Physics-inspired Equivariant Descriptors of Non-bonded Interactions

TL;DR

This paper introduces an extension to the LODE framework that effectively models long-range non-bonded interactions in atomistic systems, integrating physical principles with machine learning for improved accuracy and efficiency.

Contribution

It generalizes the LODE framework to handle diverse long-range interactions using multipole expansion, enabling consistent and physically interpretable modeling of non-bonded forces.

Findings

Successfully applied to toy systems demonstrating proof of concept.

Extended to molecular dimers to test limits and versatility.

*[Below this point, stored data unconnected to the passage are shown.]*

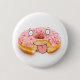 Cute happy pink doughnut character, made from a photograph and hand drawn features button
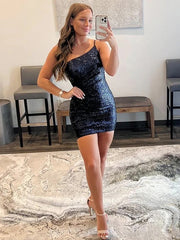Sheath/Column Sequins One-Shoulder Sleeveless Short/Mini Dresses
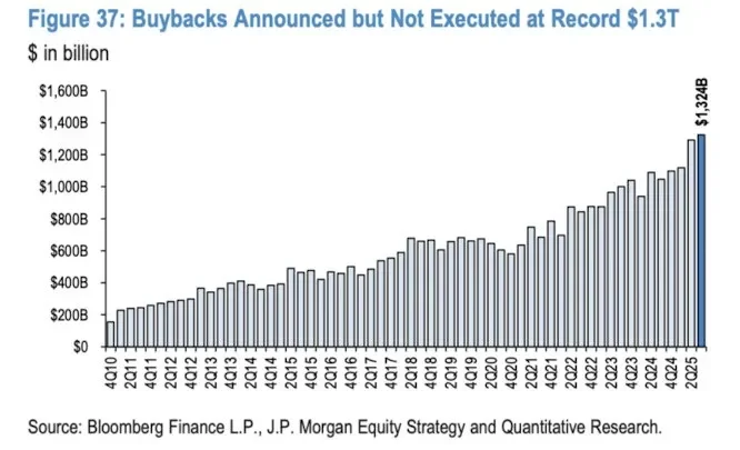 This year, tech and financial giants have unleashed a buyback frenzy, with U.S. publicly listed companies repurchasing shares at an unprecedented pace. The total buyback volume has surpassed $1 trillion at record speed, becoming a critical force behind the continuous highs of the S&P 500 and Nasdaq indices.

Provides a unified, physically interpretable approach for non-bonded interactions.

Abstract

One essential ingredient in many machine learning (ML) based methods for atomistic modeling of materials and molecules is the use of locality. While allowing better system-size scaling, this systematically neglects long-range (LR) effects, such as electrostatics or dispersion interaction. We present an extension of the long distance equivariant (LODE) framework that can handle diverse LR interactions in a consistent way, and seamlessly integrates with preexisting methods by building new sets of atom centered features. We provide a direct physical interpretation of these using the multipole expansion, which allows for simpler and more efficient implementations. The framework is applied to simple toy systems as proof of concept, and a heterogeneous set of molecular dimers to push the method to its limits. By generalizing LODE to arbitrary asymptotic behaviors, we provide a coherent approach to treat arbitrary two- and many-body non-bonded interactions in the data-driven modeling of matter.